Autor de 'Escravidão' fala sobre sua relação com os leitores: "me dá uma dose de energia pra continuar escrevendo"

Jornal do Brasil DANIELA CALCIA, daniela.calcia@jb.com.br

Em 2007, Laurentino Gomes chegava à Bienal para lançar um de seus best-sellers, '1808'. Ele trabalhava como repórter da revista "Veja" e ainda tinha dúvidas sobre sua carreira como escritor. "A Bienal não é só pra vender livros, é uma experiência emocional. Cheguei aqui em 2007, e lembro exatamente o momento em que a minha vida mudou definitivamente.

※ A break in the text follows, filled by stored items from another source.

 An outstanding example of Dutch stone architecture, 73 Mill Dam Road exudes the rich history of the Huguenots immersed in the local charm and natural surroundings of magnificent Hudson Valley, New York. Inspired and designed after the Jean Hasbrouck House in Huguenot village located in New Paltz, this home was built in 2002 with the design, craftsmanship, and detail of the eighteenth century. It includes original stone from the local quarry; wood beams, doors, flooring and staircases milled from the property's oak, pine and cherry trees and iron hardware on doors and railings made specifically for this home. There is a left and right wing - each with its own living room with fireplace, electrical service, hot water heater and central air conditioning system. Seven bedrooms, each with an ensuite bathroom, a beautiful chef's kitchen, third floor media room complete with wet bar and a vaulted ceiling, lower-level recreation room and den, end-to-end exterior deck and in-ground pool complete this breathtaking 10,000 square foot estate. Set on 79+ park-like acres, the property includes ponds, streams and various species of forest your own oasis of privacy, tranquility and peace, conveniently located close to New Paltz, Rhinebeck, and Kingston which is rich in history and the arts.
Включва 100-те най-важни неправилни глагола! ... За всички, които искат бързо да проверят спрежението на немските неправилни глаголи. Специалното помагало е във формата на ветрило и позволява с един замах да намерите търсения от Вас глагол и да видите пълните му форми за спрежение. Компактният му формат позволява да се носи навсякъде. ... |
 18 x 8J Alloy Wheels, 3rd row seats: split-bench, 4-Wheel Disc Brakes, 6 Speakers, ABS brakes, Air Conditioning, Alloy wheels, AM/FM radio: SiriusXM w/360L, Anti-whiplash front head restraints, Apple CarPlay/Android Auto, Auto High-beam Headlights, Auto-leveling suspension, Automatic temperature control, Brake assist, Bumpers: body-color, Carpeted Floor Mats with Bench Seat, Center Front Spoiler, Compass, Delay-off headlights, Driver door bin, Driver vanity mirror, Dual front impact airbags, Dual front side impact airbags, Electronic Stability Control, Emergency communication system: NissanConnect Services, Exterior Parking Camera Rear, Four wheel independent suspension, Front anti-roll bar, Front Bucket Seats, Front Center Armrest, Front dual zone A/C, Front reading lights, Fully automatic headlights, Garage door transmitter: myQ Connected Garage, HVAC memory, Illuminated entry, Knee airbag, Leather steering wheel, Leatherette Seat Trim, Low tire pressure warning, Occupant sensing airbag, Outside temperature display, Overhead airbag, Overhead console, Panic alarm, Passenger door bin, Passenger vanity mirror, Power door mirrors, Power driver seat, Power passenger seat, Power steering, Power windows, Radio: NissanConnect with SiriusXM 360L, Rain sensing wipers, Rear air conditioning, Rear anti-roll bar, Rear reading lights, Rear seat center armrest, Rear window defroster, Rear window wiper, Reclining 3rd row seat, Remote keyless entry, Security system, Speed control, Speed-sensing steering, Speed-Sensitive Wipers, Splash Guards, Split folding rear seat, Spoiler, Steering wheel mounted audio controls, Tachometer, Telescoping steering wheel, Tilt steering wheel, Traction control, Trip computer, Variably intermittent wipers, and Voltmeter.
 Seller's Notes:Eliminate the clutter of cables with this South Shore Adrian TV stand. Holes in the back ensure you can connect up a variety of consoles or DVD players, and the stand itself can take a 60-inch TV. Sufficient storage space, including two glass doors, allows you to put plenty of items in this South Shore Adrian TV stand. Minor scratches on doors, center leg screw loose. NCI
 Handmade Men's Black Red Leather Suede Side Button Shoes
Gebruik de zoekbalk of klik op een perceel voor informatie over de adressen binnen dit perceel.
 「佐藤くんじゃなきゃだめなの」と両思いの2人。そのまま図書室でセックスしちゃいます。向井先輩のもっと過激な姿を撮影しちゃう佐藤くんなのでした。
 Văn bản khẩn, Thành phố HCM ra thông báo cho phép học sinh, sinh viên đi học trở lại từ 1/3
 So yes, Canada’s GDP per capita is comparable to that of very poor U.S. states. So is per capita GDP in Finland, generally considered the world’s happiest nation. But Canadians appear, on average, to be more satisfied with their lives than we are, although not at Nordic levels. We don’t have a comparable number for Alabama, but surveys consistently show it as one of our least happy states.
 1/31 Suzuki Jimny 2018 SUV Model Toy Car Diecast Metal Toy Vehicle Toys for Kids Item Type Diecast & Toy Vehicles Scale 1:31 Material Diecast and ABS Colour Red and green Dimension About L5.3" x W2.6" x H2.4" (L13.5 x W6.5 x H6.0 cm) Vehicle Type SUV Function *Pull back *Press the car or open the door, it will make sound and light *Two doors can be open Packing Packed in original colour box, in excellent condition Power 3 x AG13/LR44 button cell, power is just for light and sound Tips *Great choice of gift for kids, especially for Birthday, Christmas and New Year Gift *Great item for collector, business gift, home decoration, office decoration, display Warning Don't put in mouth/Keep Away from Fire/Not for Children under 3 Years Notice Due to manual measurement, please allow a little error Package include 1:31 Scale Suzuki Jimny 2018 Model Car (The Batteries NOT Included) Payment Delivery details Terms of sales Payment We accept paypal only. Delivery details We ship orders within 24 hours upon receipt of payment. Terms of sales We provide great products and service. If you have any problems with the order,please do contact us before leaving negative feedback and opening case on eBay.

Eu estava lançando o livro '1808', e ninguém me conhecia, eu trabalhava na revista "Veja" e estava superinseguro sobre se o livro iria vingar, aí me lembro que meu editor na época, Paschoal Soto, uma hora me puxou e falou: 'Olha sua pilha de livros'. E eu via as pessoas pegando o livro e indo para o caixa. Perguntei: 'Paschoal, o que significa isso?' Ele respondeu: 'Sua vida mudou a partir deste momento, você é um best-seller'. Achei engraçado, pensei que ele estava querendo massagear meu ego, mas foi de fato o que aconteceu", relembra.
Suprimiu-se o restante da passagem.